With manpower at an all-time low and decreasing every day, women were forced to serve in almost all roles on the frontlines of the war. Women served in every aspect of the war, as machine gunners, crew members, tank drivers, snipers, and more.

Lydumila Pavlichenko and Roza Shanina were two such women. Both snipers have an impressive body count: Shanina was confirmed to have killed 59 people, including 12 during one battle, while Pavlichenko killed 309 people, making her one of the most lethal female snipers in history and one of the most lethal snipers regardless of gender.

Shanina was killed by German fire in East Prussia during the war. Pavellichenko survived the war, but her injuries were so severe that she was evacuated to Moscow where she worked for the Soviet Navy as a researcher.

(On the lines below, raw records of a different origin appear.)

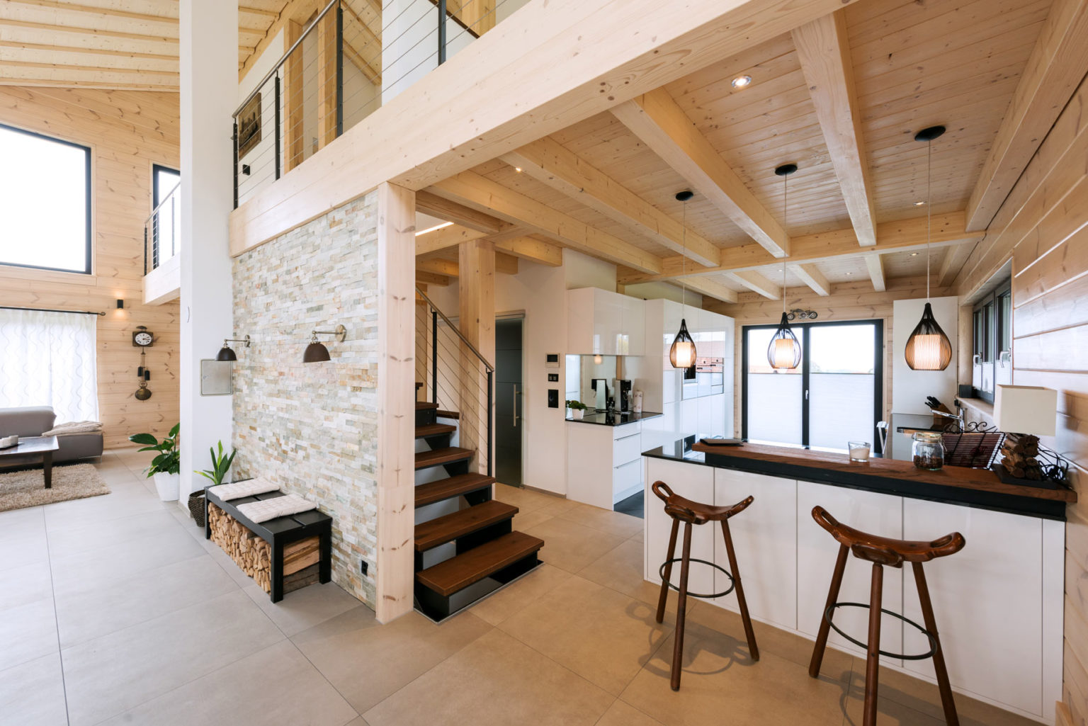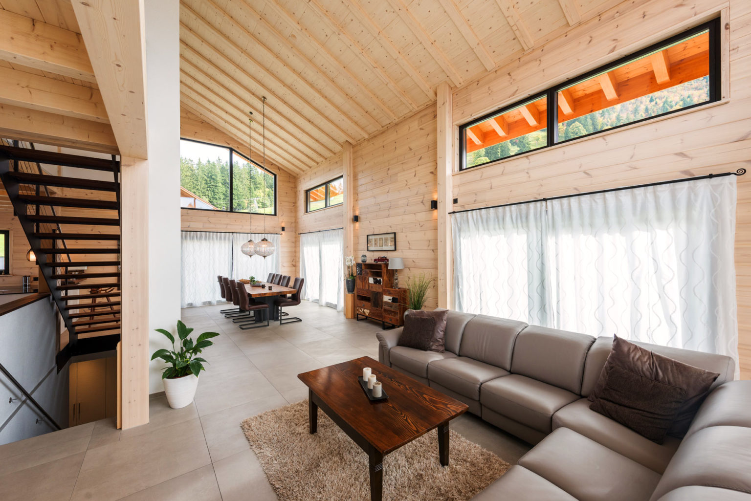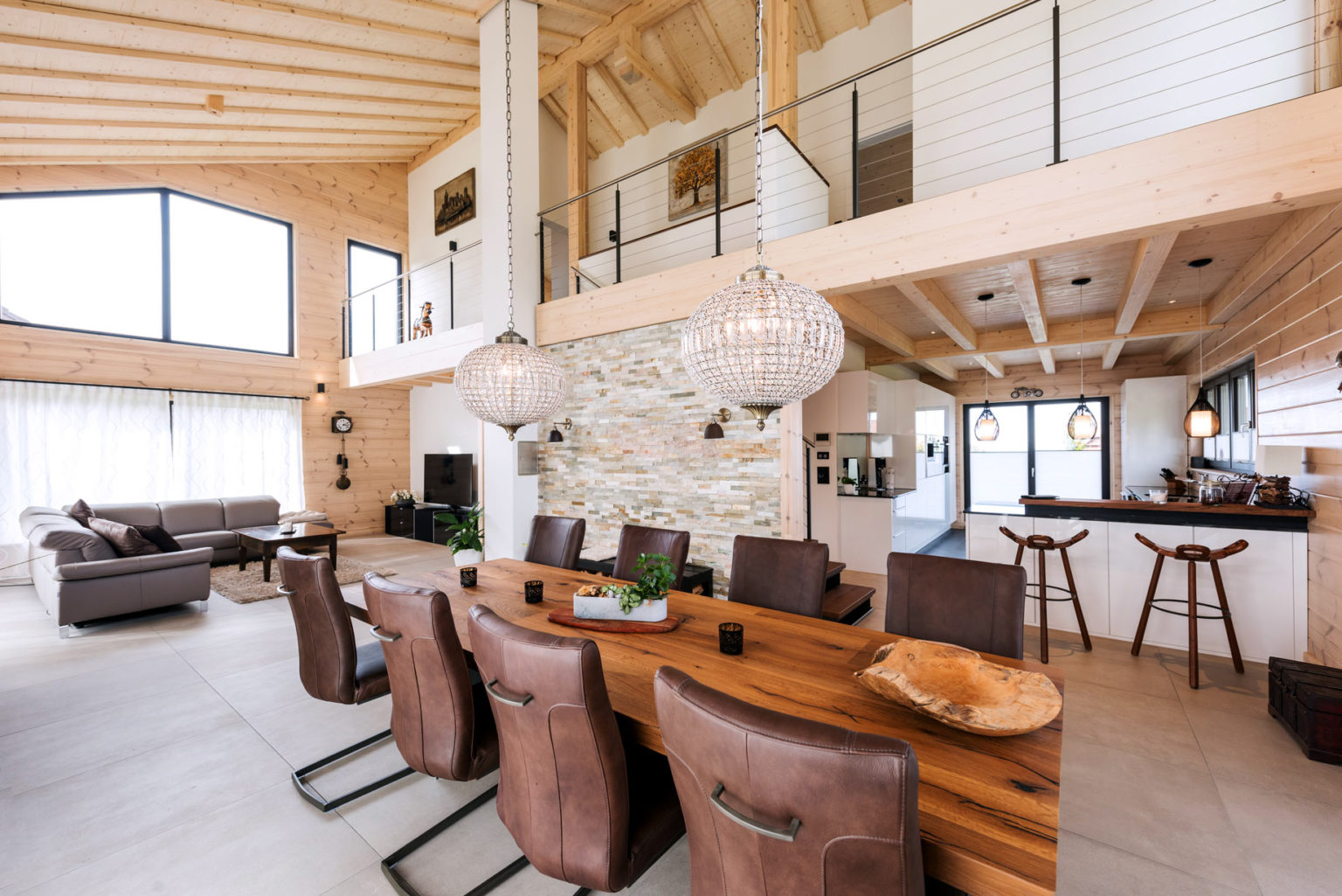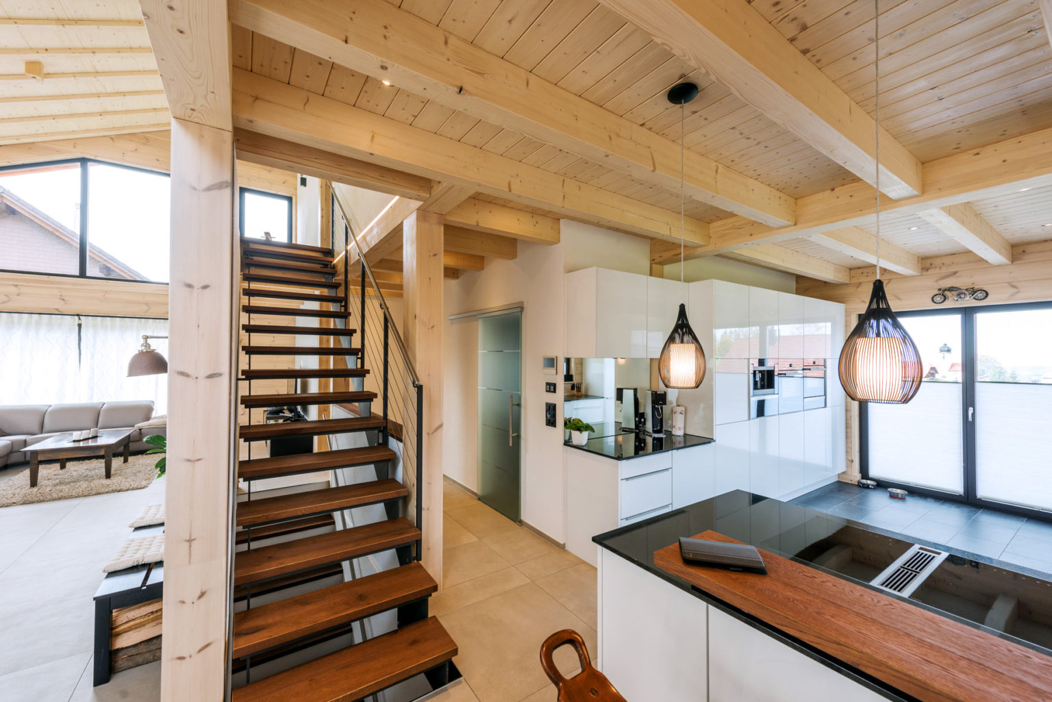 Oberste Priorität hatte für die Eigentümer ihre Freiheit die eigenen Ideen umsetzen zu können. Dazu gehören große Fenster, die viel natürliches Licht einfallen lassen, sowie ein echtes Massivholzhaus zu bauen, das von Stil und Struktur her aber sehr modern ist. Mit Holzhaus "Entlebuch" ist ihnen all dies gelungen, auch dank der Flexibilität und jahrzehntelangen Erfahrung von Fullwood. Verbaut wurde die "Luxuswand" des Holzhausspezialisten, die mit ihren 27cm extra dick ist und die besonders strengen, schweizerischen Energievorschriften locker erfüllt. Das naturhelle Polarkiefernholz der tragenden Außenwände wurde innen mit einer leicht milchigen Lasur behandelt, die einen Tick aufhellt, und mit UV-Schutz vor dem Nachdunkeln bewahrt. Dazu kombinierten die Hauseigner weiß verputzte, leichte Trennwände (Ständerbau), die neben noch mehr Helligkeit das moderne Ambiente im Holzhaus betonen. Für Bodenbeläge, Mobiliar und Dekorationen wurden sehr helle Erdfarben (Sand, Stein) und braun gewählt, die den natürlichen und dezenten Look ergänzen. Ein bis zum First offener, sehr hoher Luftraum erstreckt sich über dem offenen Wohn/Ess-Bereich im Erdgeschoss und betont die Weitläufigkeit der Hausfläche in die Vertikale. Das Ergebnis ist ein besonders großzügiges und "luftiges" Wohngefühl ohne Einengung und Druck. Die imposante, offene Sichtfirstpfette beeindruckt nicht nur als schmückendes Element, sondern betont das Bodenständige und Urtypische, für das ein Holzhaus steht. Behaglichkeit und wohngesundes Raumklima dank chemisch unbehandeltem Massivholz vereint in zeitlosem Ambiente dank moderner (Innen-) Architektur.
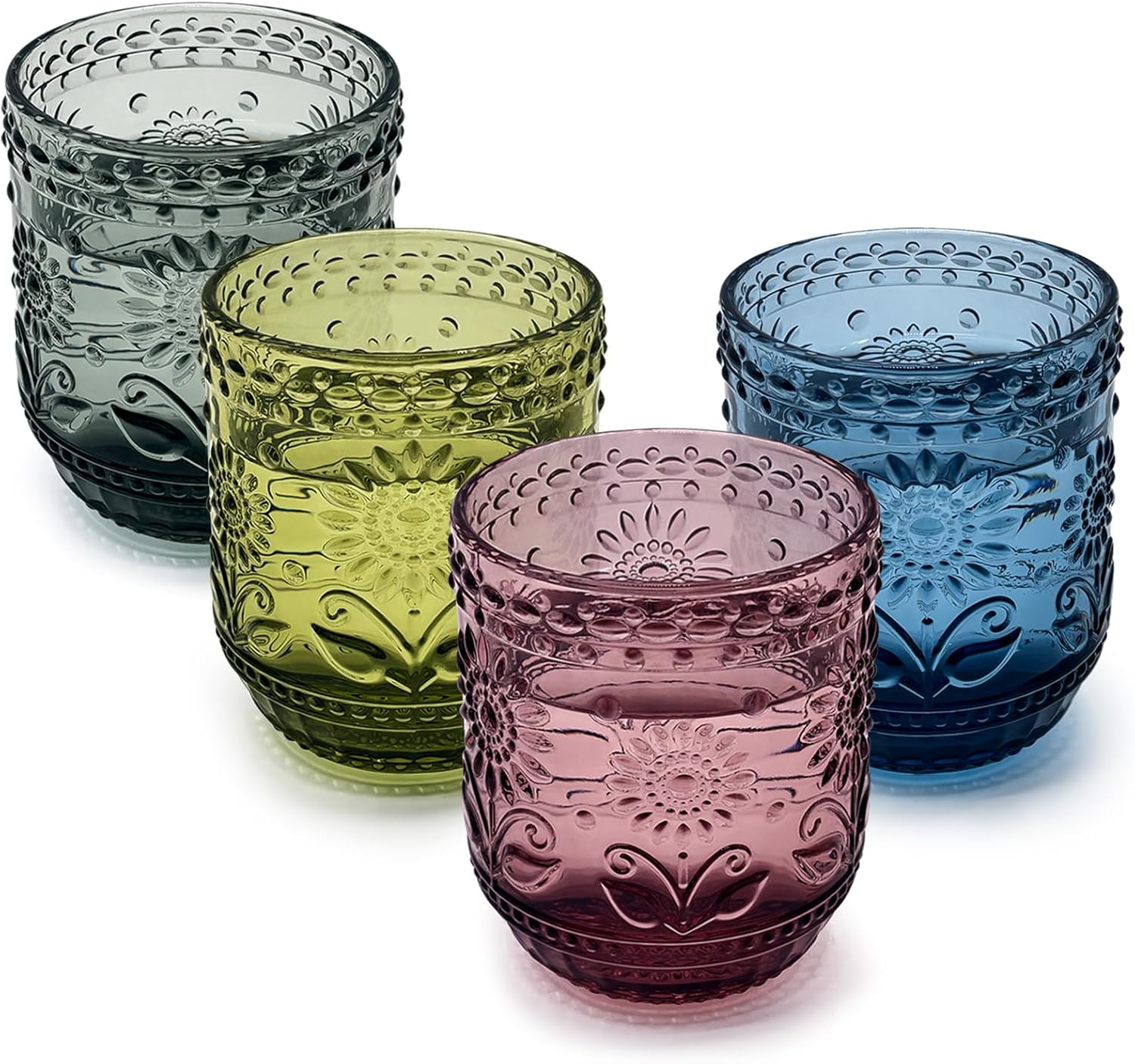 UPZAI 360ml Vintage Wassergläser 4er Set Bunte Trinkgläser Set aus Glas
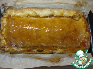 Закрываем вторым пластом теста, тщательно защипывая края. Отправляем выпекать в предварительно разогретую до 180С духовку на 30-40 минут ( у меня запекался 40 минут) до золотистой корочки.
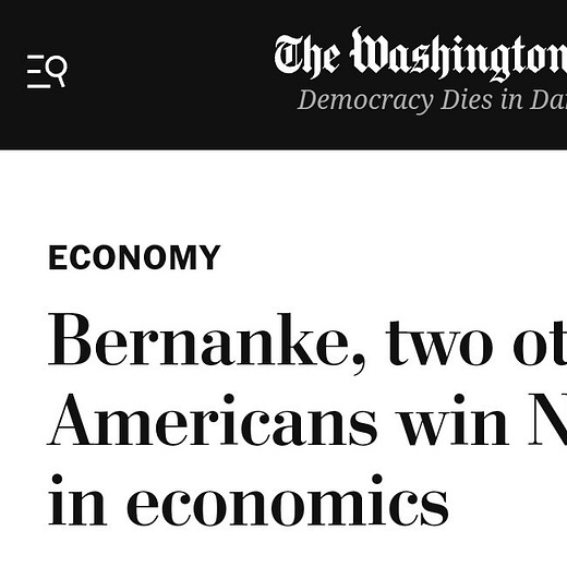 Huge congratulations to a much-deserved prize. Work by @benbernanke on the Great Depression was a major motivation to my own research. And I teach Diamond-Dybvig in intermediate macro every year. A short thread on the scientific citation.
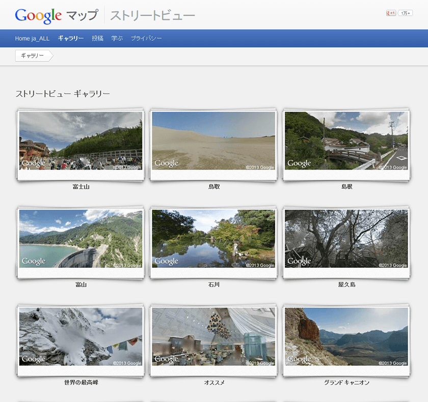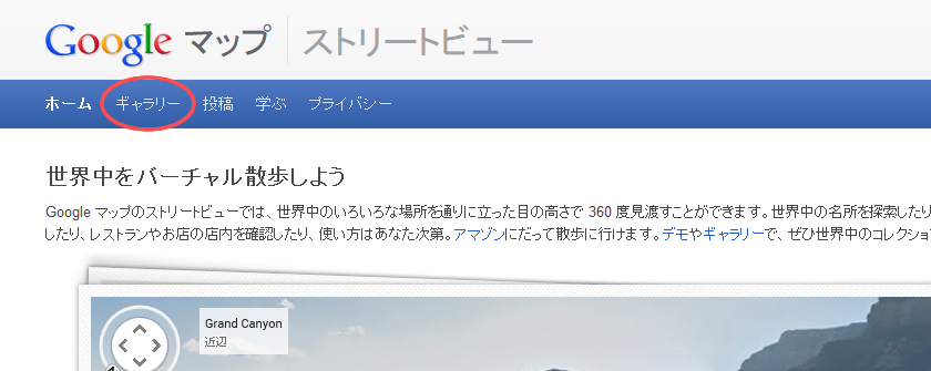 このトップページ上部にあるナビゲーションのギャラリーボタンをクリックすると、ストリートビューのギャラリーに移動できます。
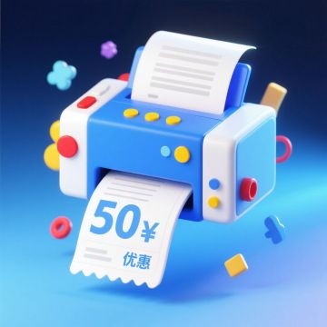 打印机正打印出50元黄色优惠券;打印机旁有蓝白配色部件、带黄与红的装饰,打印机呈现完整,整体色彩明亮清新
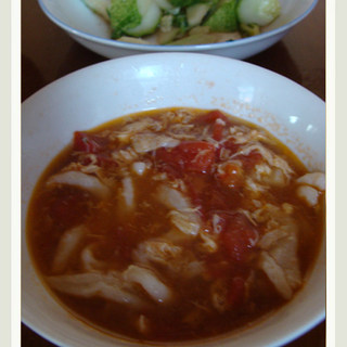 原料:面粉、鸡蛋、西红柿、小葱、油、盐。
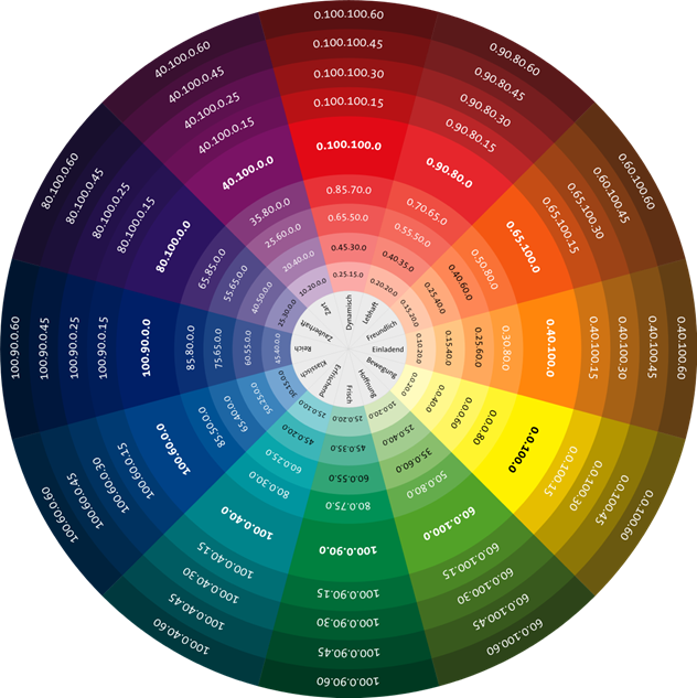 Figura 4. Rueda cromática con la notación empleada en el sistema CMYK (2006)
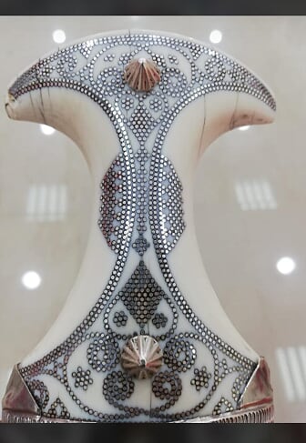 We know that the main traded items entering the Zanzibar hub were Slaves ..Rhino Horn and hides and Ivory. It has been quite difficult to obtain Ivory Khanjar examples with specific high definition pictures but luckily we have a couple for forum. High density plastic has been used and makes a reasonable substitute however here is the real thing and we can only hope more substitute materials can step up such as Mamoth ?…
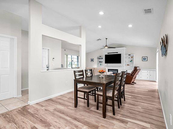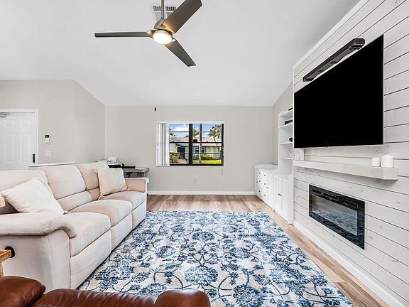 COMPLETELY REMODELED 3 bedroom 2 bathroom SINGLE STORY CORNER VILLA with 2 car garage across from the neighborhood pool!! No stairs here, it's all easy 1 level living. Remodeled kitchen with custom cabinetry, s/s appliances, quartz countertops, timeless subway tile backsplash, recessed lighting and a large pantry cabinet. There's even an eat in area off the kitchen along with a large dinning area. Great for entertaining or casual living. Inside you'll find beautiful and super durable PLANK FLOORING THROUGHOUT all the living areas and all bedrooms. Yep... No carpet anywhere here!! This OPEN FLOOR PLAN has VAULTED SMOOTH CEILINGS. Yes... No popcorn. ALL REDONE BATHROOMS featuring real wood cabinets, quartz countertops, new lighting fixtures and recessed lighting. The master bathroom even has the most amazing spa like shower with a large rain head shower head, shower wand and 6 body sprays on the wall. Enjoy the best outdoor living Florida has to offer from TWO SCREENED PATIOS, overlooking the garden area and neighborhood pool. Newer full size washer and dryer are located inside the villa under a/c the way it should be (not in the garage). Roofs, lawn and cable all included by the low HOA. Pets and non-commercial pickup truck are welcome too!!

It was the wartime work of women like these, as well as countless others whose names are less familiar, which turned the tide. High military honors were bestowed on both women. Pavchenko was named Hero of the Soviet Union, while Shanina received the Order of Glory.

Pavellichenko died of a stroke at the age of 58.

There is no truth in the statement that Russian women are easily categorized. They have demonstrated that they can be anything and everything. In other words, a guy who wants to be with one needs to be ready for someone with multitudes of characteristics, someone who can play the role society sets for her as well as break away from it. If a guy wants to know how to please a Russian woman, then he needs to be ready to be with someone who can be as complicated as anyone can be.